** Opening Excerpted records block **

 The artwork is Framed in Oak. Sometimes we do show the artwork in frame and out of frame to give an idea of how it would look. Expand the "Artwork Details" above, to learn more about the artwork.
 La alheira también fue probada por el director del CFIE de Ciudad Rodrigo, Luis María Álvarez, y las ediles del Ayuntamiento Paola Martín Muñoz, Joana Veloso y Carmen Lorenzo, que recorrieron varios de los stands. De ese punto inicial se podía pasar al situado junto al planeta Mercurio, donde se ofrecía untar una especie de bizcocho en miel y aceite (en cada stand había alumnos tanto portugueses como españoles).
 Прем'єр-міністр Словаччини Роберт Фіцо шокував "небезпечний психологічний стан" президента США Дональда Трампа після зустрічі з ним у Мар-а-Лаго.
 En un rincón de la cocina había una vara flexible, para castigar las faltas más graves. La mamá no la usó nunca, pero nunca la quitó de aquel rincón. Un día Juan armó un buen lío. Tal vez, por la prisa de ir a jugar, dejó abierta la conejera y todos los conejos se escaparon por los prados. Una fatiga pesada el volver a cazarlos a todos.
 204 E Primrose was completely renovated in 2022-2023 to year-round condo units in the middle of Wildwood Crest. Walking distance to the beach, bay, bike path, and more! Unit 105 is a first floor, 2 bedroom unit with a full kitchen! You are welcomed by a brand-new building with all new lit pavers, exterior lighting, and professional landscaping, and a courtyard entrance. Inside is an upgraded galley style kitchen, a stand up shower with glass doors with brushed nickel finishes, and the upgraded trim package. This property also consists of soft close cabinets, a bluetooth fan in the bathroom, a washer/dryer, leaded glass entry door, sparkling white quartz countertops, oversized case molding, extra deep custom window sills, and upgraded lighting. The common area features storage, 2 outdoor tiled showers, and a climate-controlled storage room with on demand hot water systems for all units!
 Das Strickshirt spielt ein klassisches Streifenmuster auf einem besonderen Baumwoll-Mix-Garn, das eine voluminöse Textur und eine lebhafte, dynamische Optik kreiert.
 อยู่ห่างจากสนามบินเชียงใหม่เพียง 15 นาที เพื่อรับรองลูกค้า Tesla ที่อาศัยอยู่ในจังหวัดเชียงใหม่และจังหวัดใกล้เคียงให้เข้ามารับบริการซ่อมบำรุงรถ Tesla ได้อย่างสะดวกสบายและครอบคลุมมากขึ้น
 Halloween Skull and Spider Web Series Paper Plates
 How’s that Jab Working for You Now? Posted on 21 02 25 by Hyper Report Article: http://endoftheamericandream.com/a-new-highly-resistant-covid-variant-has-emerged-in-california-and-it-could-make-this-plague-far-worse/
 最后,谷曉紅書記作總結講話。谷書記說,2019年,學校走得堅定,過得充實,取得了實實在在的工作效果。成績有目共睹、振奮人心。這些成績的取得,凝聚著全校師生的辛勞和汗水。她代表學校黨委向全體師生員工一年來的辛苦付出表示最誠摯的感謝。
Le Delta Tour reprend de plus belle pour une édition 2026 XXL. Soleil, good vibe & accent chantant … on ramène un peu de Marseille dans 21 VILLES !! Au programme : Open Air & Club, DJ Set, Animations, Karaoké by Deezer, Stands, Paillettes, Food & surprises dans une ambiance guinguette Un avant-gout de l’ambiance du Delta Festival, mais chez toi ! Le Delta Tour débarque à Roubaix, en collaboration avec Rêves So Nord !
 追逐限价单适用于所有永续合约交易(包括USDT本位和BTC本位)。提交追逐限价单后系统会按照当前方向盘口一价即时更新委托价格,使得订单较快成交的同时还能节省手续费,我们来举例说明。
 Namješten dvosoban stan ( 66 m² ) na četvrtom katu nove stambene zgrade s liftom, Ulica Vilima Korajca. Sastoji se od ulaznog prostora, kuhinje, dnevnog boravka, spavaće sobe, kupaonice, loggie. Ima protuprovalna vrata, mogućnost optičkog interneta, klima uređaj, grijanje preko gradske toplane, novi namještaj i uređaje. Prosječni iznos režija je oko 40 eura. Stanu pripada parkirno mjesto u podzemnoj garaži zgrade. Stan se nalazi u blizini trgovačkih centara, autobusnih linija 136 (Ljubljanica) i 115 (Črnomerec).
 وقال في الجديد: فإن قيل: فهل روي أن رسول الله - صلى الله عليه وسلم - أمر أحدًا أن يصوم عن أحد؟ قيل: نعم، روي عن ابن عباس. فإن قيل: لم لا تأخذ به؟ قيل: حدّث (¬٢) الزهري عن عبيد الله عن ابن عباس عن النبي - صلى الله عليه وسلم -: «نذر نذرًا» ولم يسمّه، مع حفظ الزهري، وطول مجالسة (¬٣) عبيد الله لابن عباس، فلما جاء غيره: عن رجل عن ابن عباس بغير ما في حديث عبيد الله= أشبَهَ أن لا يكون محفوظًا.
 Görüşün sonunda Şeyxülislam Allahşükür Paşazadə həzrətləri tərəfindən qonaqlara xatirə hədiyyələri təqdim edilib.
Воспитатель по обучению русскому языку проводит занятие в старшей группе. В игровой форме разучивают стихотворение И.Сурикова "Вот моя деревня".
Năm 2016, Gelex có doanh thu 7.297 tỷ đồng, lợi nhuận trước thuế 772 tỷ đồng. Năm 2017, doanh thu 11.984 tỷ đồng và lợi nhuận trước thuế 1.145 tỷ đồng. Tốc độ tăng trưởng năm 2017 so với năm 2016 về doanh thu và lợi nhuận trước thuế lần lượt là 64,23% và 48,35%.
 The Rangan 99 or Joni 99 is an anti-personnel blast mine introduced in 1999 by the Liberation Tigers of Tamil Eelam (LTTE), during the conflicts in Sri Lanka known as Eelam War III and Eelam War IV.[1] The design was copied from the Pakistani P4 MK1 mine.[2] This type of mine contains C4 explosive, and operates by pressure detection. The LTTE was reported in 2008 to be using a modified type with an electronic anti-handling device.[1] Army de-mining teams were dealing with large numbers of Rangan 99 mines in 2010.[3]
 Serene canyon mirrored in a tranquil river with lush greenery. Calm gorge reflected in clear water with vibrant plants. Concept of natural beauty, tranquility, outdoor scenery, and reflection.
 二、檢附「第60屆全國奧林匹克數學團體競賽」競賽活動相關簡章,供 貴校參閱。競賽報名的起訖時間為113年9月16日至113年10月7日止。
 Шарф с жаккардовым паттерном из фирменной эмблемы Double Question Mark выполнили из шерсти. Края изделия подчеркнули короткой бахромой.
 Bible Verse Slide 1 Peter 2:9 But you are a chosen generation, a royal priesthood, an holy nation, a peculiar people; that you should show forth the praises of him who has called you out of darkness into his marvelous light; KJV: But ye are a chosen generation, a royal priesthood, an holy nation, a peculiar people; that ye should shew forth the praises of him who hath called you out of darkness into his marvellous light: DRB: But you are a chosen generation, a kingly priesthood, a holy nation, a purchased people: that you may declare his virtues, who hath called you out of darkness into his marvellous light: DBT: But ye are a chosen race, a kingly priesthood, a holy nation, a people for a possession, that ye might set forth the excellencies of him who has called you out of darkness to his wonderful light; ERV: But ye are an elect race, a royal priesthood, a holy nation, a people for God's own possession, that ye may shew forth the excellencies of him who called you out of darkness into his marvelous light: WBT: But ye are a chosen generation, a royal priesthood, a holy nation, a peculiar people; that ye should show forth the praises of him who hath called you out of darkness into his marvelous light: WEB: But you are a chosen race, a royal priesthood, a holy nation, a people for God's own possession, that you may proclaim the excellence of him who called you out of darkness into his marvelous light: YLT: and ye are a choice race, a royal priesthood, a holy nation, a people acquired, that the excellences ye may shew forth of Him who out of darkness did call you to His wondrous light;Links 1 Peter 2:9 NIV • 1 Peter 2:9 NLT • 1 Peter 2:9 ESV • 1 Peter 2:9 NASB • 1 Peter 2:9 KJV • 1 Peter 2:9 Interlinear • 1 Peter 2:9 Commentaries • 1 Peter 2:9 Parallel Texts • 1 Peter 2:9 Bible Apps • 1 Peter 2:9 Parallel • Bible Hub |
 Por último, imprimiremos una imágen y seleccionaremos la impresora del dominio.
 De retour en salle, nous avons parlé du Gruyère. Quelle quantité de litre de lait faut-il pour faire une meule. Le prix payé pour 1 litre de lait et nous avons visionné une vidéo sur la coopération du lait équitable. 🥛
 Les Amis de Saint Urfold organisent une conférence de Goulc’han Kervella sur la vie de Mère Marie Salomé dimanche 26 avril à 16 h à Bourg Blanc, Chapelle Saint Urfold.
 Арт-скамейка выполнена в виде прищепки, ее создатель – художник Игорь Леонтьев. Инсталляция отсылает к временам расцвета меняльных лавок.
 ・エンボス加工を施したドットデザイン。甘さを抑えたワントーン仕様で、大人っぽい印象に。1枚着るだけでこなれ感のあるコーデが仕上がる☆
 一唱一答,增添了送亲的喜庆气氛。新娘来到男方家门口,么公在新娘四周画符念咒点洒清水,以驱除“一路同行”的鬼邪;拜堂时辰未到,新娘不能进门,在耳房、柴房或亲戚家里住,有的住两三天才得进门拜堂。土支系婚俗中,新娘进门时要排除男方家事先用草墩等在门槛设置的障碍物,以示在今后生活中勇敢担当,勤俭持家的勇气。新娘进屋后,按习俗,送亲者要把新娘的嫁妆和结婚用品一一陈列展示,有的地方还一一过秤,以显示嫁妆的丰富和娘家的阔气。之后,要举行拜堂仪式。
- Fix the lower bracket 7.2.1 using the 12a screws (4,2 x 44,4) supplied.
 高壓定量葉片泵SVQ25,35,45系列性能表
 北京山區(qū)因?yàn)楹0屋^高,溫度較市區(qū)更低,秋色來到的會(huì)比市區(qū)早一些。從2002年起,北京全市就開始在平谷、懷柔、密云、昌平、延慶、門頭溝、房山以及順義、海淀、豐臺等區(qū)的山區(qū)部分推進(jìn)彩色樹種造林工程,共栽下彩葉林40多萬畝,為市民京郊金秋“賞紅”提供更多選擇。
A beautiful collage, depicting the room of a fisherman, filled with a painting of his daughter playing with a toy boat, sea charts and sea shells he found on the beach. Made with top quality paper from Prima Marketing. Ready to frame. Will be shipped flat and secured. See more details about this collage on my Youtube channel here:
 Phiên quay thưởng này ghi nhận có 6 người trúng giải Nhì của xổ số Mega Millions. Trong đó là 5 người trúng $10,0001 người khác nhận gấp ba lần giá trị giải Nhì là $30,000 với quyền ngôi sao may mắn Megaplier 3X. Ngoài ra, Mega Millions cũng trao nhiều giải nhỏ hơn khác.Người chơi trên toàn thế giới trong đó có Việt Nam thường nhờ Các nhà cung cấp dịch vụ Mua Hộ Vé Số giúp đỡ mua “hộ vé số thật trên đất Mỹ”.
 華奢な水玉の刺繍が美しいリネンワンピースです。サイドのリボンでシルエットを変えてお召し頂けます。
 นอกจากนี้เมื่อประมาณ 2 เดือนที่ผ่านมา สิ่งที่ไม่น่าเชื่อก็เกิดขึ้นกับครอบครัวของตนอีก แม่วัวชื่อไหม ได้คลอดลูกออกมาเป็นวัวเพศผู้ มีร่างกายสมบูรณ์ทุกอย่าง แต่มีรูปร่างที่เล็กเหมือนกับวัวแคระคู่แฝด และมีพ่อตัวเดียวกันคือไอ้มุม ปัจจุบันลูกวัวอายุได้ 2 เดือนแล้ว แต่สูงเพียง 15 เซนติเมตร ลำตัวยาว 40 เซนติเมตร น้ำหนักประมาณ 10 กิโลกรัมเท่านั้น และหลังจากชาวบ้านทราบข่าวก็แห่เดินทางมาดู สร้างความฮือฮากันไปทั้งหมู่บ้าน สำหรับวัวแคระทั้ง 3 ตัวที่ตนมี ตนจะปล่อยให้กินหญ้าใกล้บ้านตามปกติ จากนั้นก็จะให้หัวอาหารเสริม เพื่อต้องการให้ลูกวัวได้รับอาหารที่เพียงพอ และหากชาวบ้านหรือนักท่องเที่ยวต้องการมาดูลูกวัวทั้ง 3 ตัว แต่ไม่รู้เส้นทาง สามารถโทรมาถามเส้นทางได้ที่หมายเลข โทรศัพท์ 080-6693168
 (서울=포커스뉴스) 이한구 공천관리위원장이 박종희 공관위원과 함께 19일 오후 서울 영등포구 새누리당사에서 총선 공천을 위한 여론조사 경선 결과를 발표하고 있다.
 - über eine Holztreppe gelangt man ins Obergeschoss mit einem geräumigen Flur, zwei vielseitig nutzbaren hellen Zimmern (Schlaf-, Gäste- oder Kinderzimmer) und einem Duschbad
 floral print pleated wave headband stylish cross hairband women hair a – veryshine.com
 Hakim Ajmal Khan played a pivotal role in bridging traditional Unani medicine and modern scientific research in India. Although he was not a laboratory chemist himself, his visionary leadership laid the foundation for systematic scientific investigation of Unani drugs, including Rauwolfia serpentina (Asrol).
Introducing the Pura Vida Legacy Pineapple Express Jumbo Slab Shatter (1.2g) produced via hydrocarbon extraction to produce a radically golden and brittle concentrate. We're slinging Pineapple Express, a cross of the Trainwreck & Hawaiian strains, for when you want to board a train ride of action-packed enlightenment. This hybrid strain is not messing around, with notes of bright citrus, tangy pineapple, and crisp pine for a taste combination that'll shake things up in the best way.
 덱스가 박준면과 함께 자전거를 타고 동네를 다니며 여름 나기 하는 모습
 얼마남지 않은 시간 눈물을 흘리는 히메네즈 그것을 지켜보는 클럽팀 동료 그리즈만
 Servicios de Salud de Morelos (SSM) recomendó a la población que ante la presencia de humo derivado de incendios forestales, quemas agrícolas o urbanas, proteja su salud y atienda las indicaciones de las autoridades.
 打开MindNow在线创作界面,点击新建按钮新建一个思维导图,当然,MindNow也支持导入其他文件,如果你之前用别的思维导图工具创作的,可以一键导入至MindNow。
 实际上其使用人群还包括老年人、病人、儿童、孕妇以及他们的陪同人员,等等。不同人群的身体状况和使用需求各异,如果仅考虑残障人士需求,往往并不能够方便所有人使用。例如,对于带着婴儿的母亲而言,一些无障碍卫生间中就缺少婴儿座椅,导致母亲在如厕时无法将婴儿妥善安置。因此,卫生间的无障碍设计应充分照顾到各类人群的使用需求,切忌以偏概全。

** Closing Excerpted records block **

The range runs from the line above containing "- über eine" to the line containing "floral print pleated", inclusive. Restate those lines word for word and no others.

▶ [Reply to the task]
 - über eine Holztreppe gelangt man ins Obergeschoss mit einem geräumigen Flur, zwei vielseitig nutzbaren hellen Zimmern (Schlaf-, Gäste- oder Kinderzimmer) und einem Duschbad
 floral print pleated wave headband stylish cross hairband women hair a – veryshine.com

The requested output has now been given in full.